A Casa do escritor é de fato movimentada. Gostava de passear por suas áreas e ver os detalhes de seus quadros, paredes e pisos. Mas de forma especial gostava de ficar nos seus pátios.

Admirava com muito carinho suas árvores e flores. Suas delicadas flores são de vários formatos e tamanhos, todas clarinhas, predominando as brancas. Passava horas admirando-as.

Que perfeição nos seus contornos! Que maciez! Que beleza!

Mas o pátio oferece outro encanto. É um lugar onde todos se reúnem para conversar. Ali vemos encarnados, os moradores e visitantes. Como é gostoso reunir-se em círculo e bater aquele "papo" edificante. São pessoas instruídas e amantes da arte, da Literatura. Conheci tantas pessoas interessantes, muitos escritores famosos.

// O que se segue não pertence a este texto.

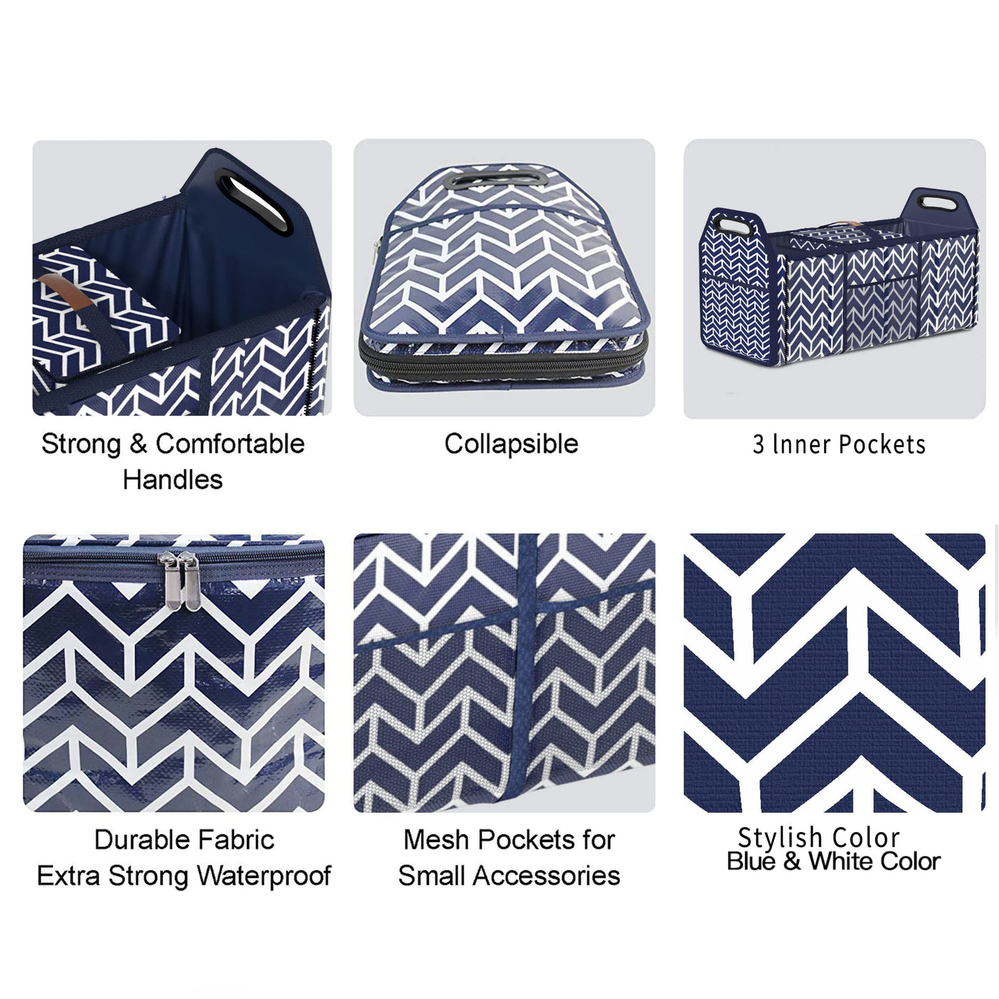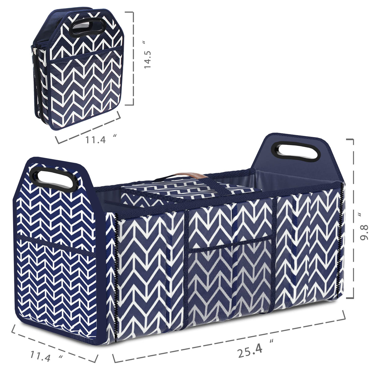 Practical Design For Storage: Size: 24.8 X 11.4 X 9.8 Inch With 3 Compartments.&Nbsp;Each Compartment Has Ample Storage Space, Both Can Be Folded To Smaller.&Nbsp; There Are Two Pockets In The Both Side, Two Mesh Pockets In The Front And Back.&Nbsp; Pockets Prevent Tiny Items From Sliding, Mesh Pockets Allow You To See What You Have Put In. Detachable Cooler Bag: The Included Cooler Bag Is Made Of 0.3 Inch Thick Foam Material With No Seams&Nbsp;(Size: 11.2 X 8.5 X 9.9 Inch For 15L Or 24 Can). You Can Put Ice Directly In, The Cooling Effect Can Last Up To 6 Hours.&Nbsp; Super Durability: The Trunk Organizer Still Keeps In Shape While Filled Up With Goods.&Nbsp; The Dividers Are Made Of Super Strong Polyester Which Wont Bend Or Collapse When Added Cargo, So It Can Last A Long Time With Repeated Use. Wide Application: Convenient Organization And Storage For Drinks, Food, Groceries, Small Electronics, Tools, Sporting Goods, Cleaning Supplies, Emergency Equipment And Small Household Items. It'S Also Very Portable That With Handles For You Easily To Take It Out For Picnic Or Camping.

Conversadeira, lá estava nas minhas horas de lazer pelos pátios e quase sempre enturmada em alguma roda e conversa vai...

Mas havia preocupações também.

- É com muito pesar que vejo a Literatura ruim ganhando mercado! - disse um escritor conhecido dos encarnados que me pediu para não citar seu nome e explicou o porquê.

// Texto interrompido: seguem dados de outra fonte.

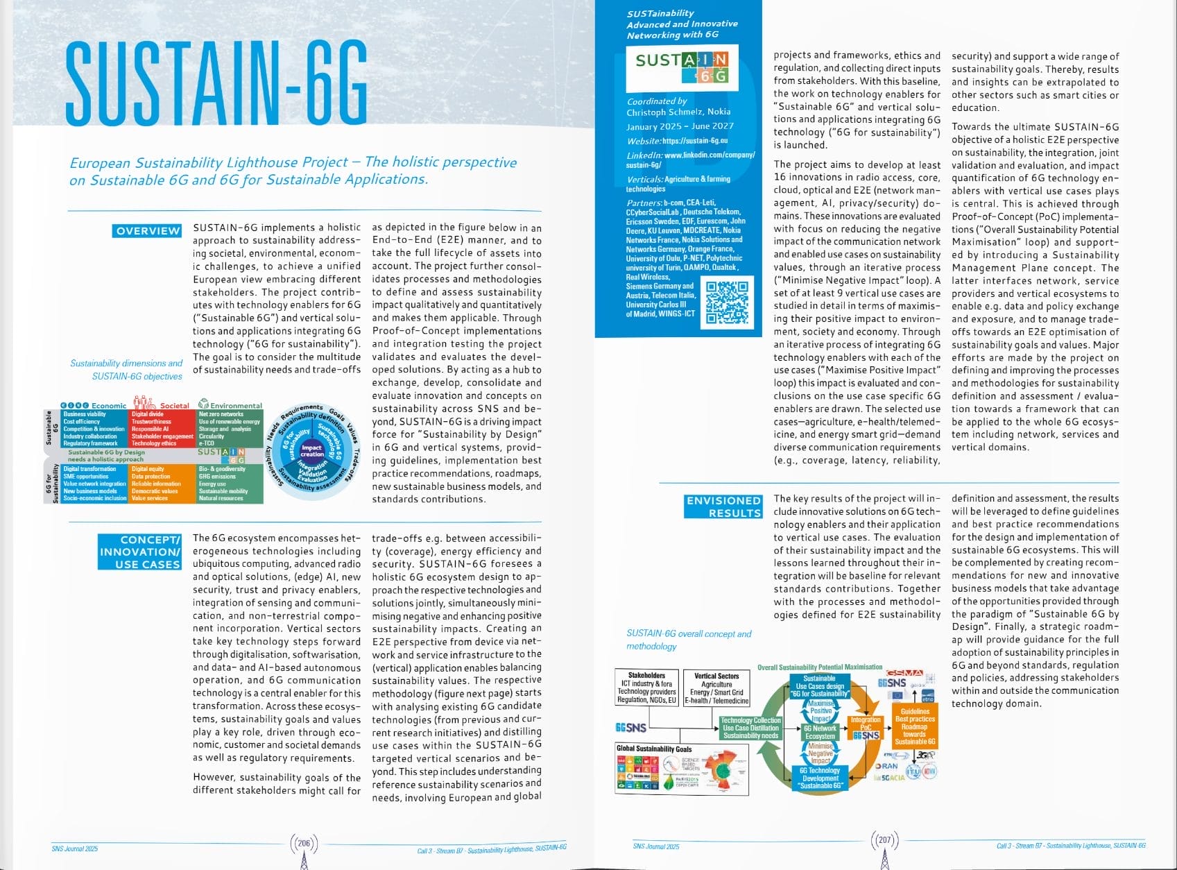 This recognition in the SNS JU Journal 2025 reflects the commitment of SUSTAIN-6G to not only advance technical excellence in 6G, but also to help build a resilient, inclusive, and sustainable digital infrastructure across Europe.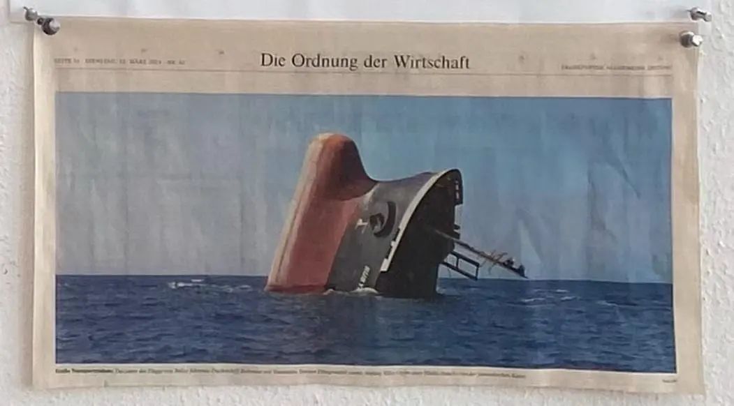 艺术家还通过绘画与最近的全球事件形成了对话。例如,在一系列名为“鲁比马尔号”的绘画中,主题是2024年英国货船的火爆和命运。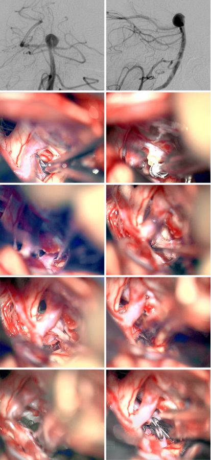 图19:展示以向上堆的串联方式夹闭一个基底动脉分叉部动脉瘤(第一排)。后床突已磨除(第二排)。控制近端血流,分离瘤颈远端的穿支(第三排)。辨认动脉瘤后壁的穿支,用一个直形开窗夹夹闭,同侧P1段与近端穿支血管置于开窗内(第四排)。第一个瘤夹没有误夹对侧P1段,另一个直形夹夹闭残余的近端瘤颈(最后一排)。

- Quando encarnado, tinha outras idéias que os familiares encarnados conservam. Não quero que eles se melindrem por haver citado meu nome. Agora estou morto e acabado para eles.

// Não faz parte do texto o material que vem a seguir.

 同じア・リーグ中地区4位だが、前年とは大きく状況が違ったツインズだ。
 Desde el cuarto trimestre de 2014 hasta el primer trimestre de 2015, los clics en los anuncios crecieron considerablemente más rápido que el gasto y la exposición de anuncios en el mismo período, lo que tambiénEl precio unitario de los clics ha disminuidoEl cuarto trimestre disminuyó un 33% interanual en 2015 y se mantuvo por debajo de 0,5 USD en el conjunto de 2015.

Pensando nisto, cito neste livro poucos nomes, de preferência somente o primeiro. Porque poderia esquecer o de alguém, o que me parece injusto. Todos os que freqüentam esta casa são grandes para mim e maravilhosos. Mas, voltando à conversa, todos infelizmente concordaram com ele.

- Sabemos que há equipes de irmãos ignorantes, que tentam fazer o mal, esforçam-se mesmo para acabar com a boa Literatura e ajudam, incentivam a ruim. A leitura modifica os pensamentos, tanto para o bem como para o mal - disse o simpático Sr. Rolando que, encarnado, foi um lutador fiel do livro Espírita e que continua ativamente ajudando a causa.

- A literatura edificante tem que ser cativante e interessante para motivar os leitores a lerem cada vez mais - completou com sabedoria e simplicidade Júlio César, um escritor de talento.

- Não podemos desanimar nunca. Nosso trabalho tem que ser incessante - falou com alegria José.

- Mas estamos longe do ideal - acrescentou Rolando.

- Muito se tem que fazer e nossa ajuda é fundamental. Os encarnados necessitam do nosso auxílio. Não devemos negligenciar em nosso trabalho.

E a conversa ia longe. Que gostoso participar, ouvir conversas tão interessantes.

Gostava também de meditar nos bancos confortáveis que estão quase sempre embaixo das árvores floridas. Numa tarde em que meditava, aflorou em minha memória uma das conversas que tive com meu pai.

"Filha" - disse-me ele -, "não deixe que somente o entusiasmo seja o motivo de seu trabalho. Cultive o amor pelo que faz, pois o entusiasmo é da mente e o amor é do coração, do sentimento. O que é da mente é passageiro, o amor é eterno. Procure envolver com amor tudo aquilo que fizer com entusiasmo.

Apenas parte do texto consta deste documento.